Faichuk (Chuukese: Fááyichuk) is a region and electoral district in Chuuk State, Federated States of Micronesia (FSM). It consists of the eight major islands and islets in the western half of Chuuk Lagoon, as well as many smaller islets and reefs in their vicinity. The islands cover a total land area of about 15.90 sqmi and had a combined population of 11,305 at the 2010 census.

== Etymology ==
Faichuk literally translates to "lower mountains." It is derived from the stem faa-, meaning "under" or "underside," and the word chuuk, meaning "mountain." Considering the islands' placement in Chuuk Lagoon, Goodenough also suggests that it could simply mean "western mountains."

== Islands ==
The major islands and islets of Faichuk are listed below, organized by subregion. All except Oan are inhabited.

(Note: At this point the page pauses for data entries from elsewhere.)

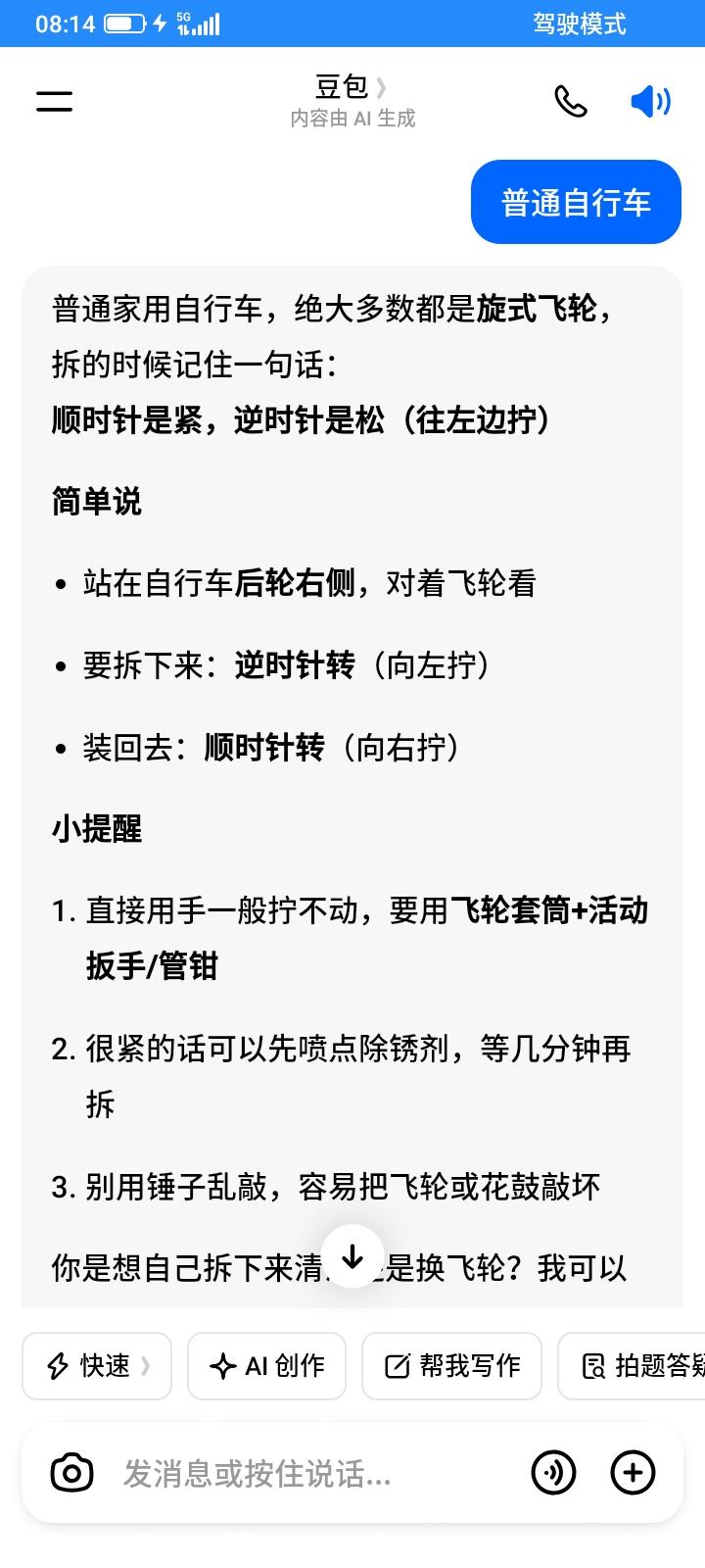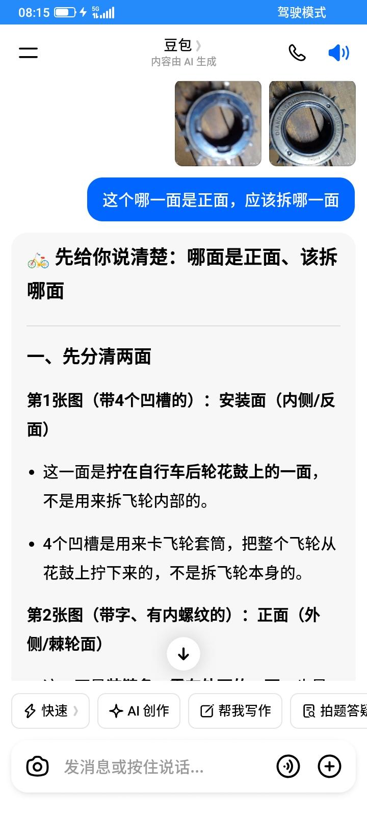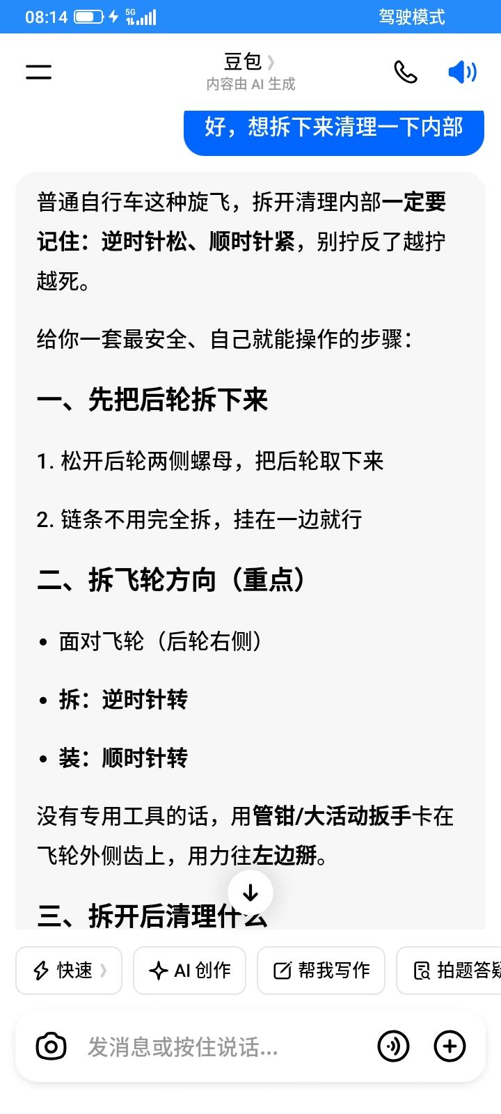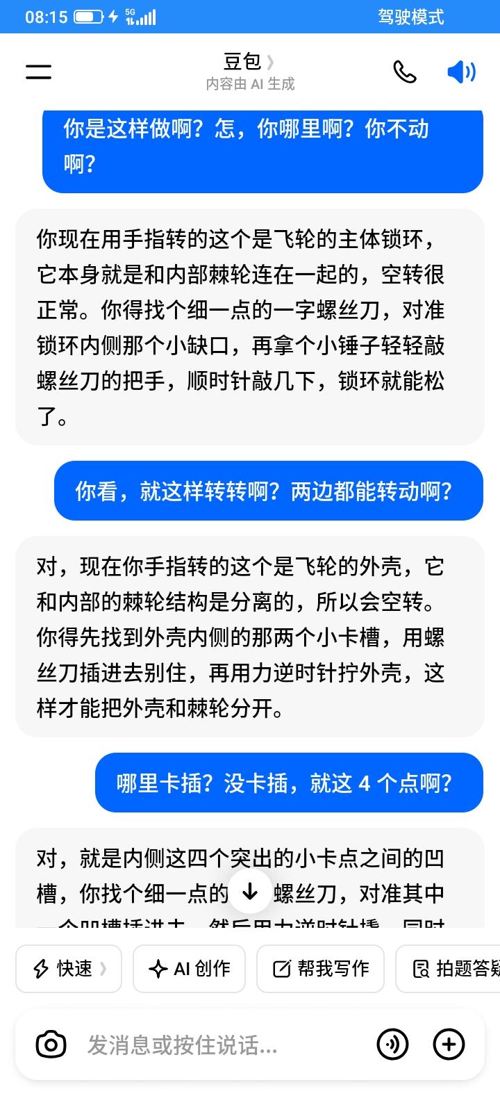 昨天骑自行车出去转了一下,但是出去没有多久,自行车出故障了,挂不上飞轮,里面卡不住,飞轮和链条空转,这个飞轮里面出问题了,修理也比较麻烦,估计维修费用也不少,就推了几公里回到出租房,自己动手修理,但是已经七八年没有修理过这种东西了,很多都忘记了。 但是还好,现在有ai,让豆包指导我修理吧,一步一步的询问它,虽然它提示的有很多错误,但是还是具有指导意义,大部分内容还是对的,原理结构也是对的,只是它把反向给我弄反了,我折腾了几个小时,终于拆开了,把里面油泥清理了一下,再重新安装上去,终于修好了,豆包虽然把方向弄反了,错了很多,但是还是具有实际的指导意义,不得不服呀,时代在进步,我们的思想也要与时俱进,利用ai还是真的可以解决很多生活中的问题。
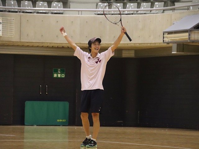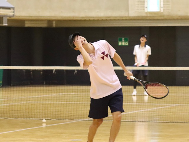 続く清水・宮田ペアと佐藤・宇都ペアの初戦も、同校対決に。序盤は佐藤・宇都ペアがボレーミスに苦しみ2ゲームを落とすが、第3ゲームを奪い返す。清水・宮田ペアがリードで迎えた第4ゲームでは、互いに譲らぬ展開の末、宇都が強烈なスマッシュを放ちデュースに持ち込む。デュースを4度繰り返す激闘となったが、最終的に清水・宮田ペアが地力を見せ、G4-2で勝利した。
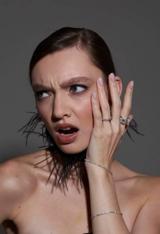 Пока в наших коллекциях вы можете найти и базовые casual серьги, и нарядные вечерние варианты, и хипстерские колье с надписями. Сейчас для меня важно выражаться, и самое главное — доносить, что не надо останавливаться на одном стиле, надо экспериментировать. Нужно ломать привычные рамки и носить акцентные, блестящие, нарядные серьги с джинсами и белой футболкой, а вечернее платье стилизовать минималистичными хупами и тёмными очками, как это делает Хейли Бибер.
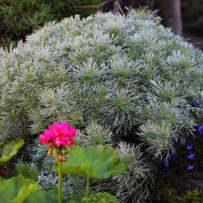 Полынь Шмидта Nana (Нана). Многочисленные, густо облиственные побеги образуют ажурный округлый куст или небольшую низкую плотную куртину, высотой 25-30 см. Листья из резные, серебристо-зеленые, густо опушенные. Основное условие успеха для видов с серебристой листвой — бедные, хорошо дренированные, нейтральные почвы и солнечное местоположение. Для успешной зимовки полыням, особенно низкорослым, необходим хороший дренаж.
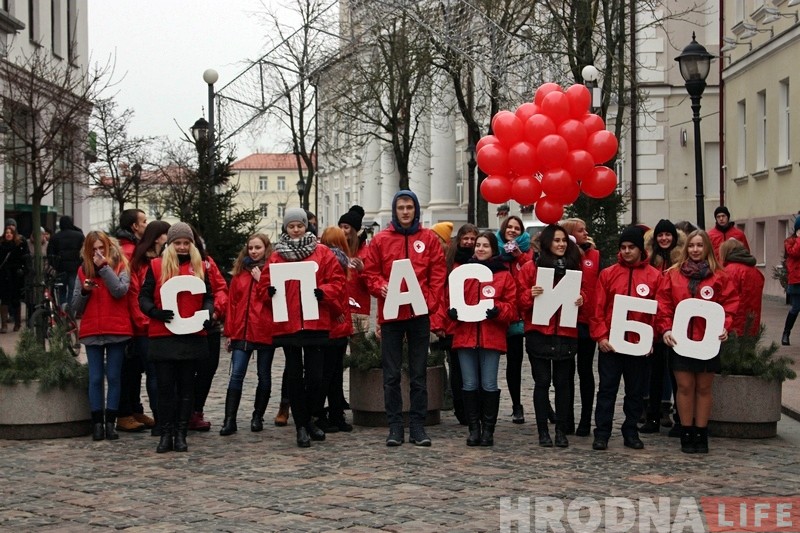 У міжнародны дзень “дзякуй”, які адзначаецца 11 студзеня, у Гродне абласная арганізацыя Чырвонага Крыжа правяла незвычайную акцыю, з дапамогай якой падзякавала валанцёрам і гараджанам за аказаную дапамогу на працягу мінулага года.

| Subregion | Island | Municipality | Area (sq mi) | Population (2010) | Highest point | Location |
| Nomwisofo | Romanum | Romanum | 0.33 | 865 | Newuwoma (55 m) | 7°24′40″N 151°40′10″E﻿ / ﻿7.41111°N 151.66944°E |
| Udot | Udot-Fonuweisom | 1.72 | 1,680 | Witonap (241 m) | 7°22′47″N 151°43′5″E﻿ / ﻿7.37972°N 151.71806°E |
| Eot | Eot | 0.15 | 266 | Nekiniaw (62 m) | 7°23′12″N 151°44′22″E﻿ / ﻿7.38667°N 151.73944°E |
| Oan | Parem | 0.03 | n/a | Meseichuk (38 m) | 7°21′48″N 151°45′22″E﻿ / ﻿7.36333°N 151.75611°E |
| Fanapanges | Fanapanges | 0.63 | 672 | Wichuk (124 m) | 7°21′17″N 151°39′59″E﻿ / ﻿7.35472°N 151.66639°E |
| Inner Faichuk | Tol | Oneisom | 1.58 | 638 | Fanato (180 m) | 7°22′58″N 151°36′11″E﻿ / ﻿7.38278°N 151.60306°E |
| Tolensom | 6.33 | 4,579 | Winipot (446 m) | 7°20′56″N 151°37′18″E﻿ / ﻿7.34889°N 151.62167°E |
| Paata | Paata-Tupunion | 1.62 | 1,107 | Foumuna (185 m) | 7°22′27″N 151°35′3″E﻿ / ﻿7.37417°N 151.58417°E |
| Pwene | Pwene | 3.51 | 1,498 | Winimas (186 m) | 7°20′20″N 151°35′8″E﻿ / ﻿7.33889°N 151.58556°E |

== Administration ==
The Faichuk islands constitute the Faichuk electoral district. It is one of five electoral districts in Chuuk State and one of 10 in the greater FSM. Similar to the other districts, Faichuk elects a senator every two years to serve in the Congress of the Federated States of Micronesia.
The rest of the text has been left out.